Alfredo Bosi viu na obra a expressão mais alta da passagem do engenho para a usina na Paraíba e em Pernambuco. Massaud Moisés colocou Fogo morto entre os livros representativos da ficção dos anos 1930, mesmo publicado em 1943. Antonio Candido destacou a qualidade humana das personagens. Wilson Martins discordou e leu o romance como reelaboração sem ganho. A divergência importa: o livro aguenta o debate.
Crônica, Flamengo e a Academia
No Rio, José Lins escreveu para os Diários Associados e para O Globo.
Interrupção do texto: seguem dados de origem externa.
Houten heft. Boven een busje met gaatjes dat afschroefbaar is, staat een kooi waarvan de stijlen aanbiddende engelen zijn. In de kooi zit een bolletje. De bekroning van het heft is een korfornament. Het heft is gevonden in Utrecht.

A crônica mostrou o outro pulso do mesmo homem: futebol, viagem, cidade, memória. Reuniu textos em volumes como Gordos e magros, Poesia e vida, A casa e o homem e o póstumo O vulcão e a fonte. Viajou: Argentina e Uruguai em missão oficial, França a convite do governo, Europa com a delegação do Flamengo. Deixou Bota de sete léguas, Roteiro de Israel e Gregos e troianos.
O futebol não foi detalhe de rodapé. Foi secretário-geral da Confederação Brasileira de Desportos por doze anos. O museu que leva o nome dele em João Pessoa, no Espaço Cultural José Lins do Rego, guarda a carteira de sócio do Flamengo ao lado de passaportes, prêmios e o escritório remontado. Em 2008 saiu a seleção Flamengo é puro amor, 111 crônicas. O rubro-negro e o romancista eram a mesma pessoa.
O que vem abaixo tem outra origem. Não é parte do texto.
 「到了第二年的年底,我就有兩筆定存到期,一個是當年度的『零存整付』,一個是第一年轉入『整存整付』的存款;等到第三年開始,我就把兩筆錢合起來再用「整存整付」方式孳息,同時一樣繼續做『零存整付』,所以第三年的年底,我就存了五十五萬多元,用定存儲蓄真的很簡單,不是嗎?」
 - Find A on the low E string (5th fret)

Na Academia Brasileira de Letras, o discurso de posse cutucou o antecessor. A casa passou a avaliar previamente os textos dos novos imortais. Ele é também patrono da cadeira 39 da Academia Paraibana de Letras. Morreu no Rio aos 56 anos e foi sepultado no Cemitério de São João Batista. As memórias Meus verdes anos tinham saído no ano anterior, em 1956.
Por onde começar a ler José Lins do Rego
Depende do que se quer. Quem precisa da porta de entrada, da infância e da lista escolar começa por Menino de engenho. Quem quer o livro mais denso, com personagem que sobra da página, vai a Fogo morto. Quem busca outro recorte, fora da casa-grande, encontra em Riacho doce o litoral, o desejo e a vila que a televisão depois espalhou. Doidinho continua Carlos no internato. Pedra bonita e Cangaceiros abrem o sertão do misticismo e do cangaço.
O cinema e a TV ajudaram a circular o nome: Walter Lima Júnior filmou Menino de engenho em 1965, com produção de Glauber Rocha; Marcos Farias levou Fogo morto à tela em 1976; a Globo fez a minissérie de Riacho doce em 1990, com Vera Fischer e Carlos Alberto Riccelli. Nenhum filme substitui a fala do livro. A prosa de José Lins continua sendo o lugar em que o engenho ainda range, mesmo depois que o fogo da moagem se apagou.
Quem quiser o perfil institucional encontra a biografia na Academia Brasileira de Letras. Os romances em circulação saem pela Global e seguem nas livrarias. O que permanece, no fim, é menos o selo de clássico e mais a voz: um homem que escreveu o Nordeste como quem conta história na varanda, sem esconder que a varanda estava caindo.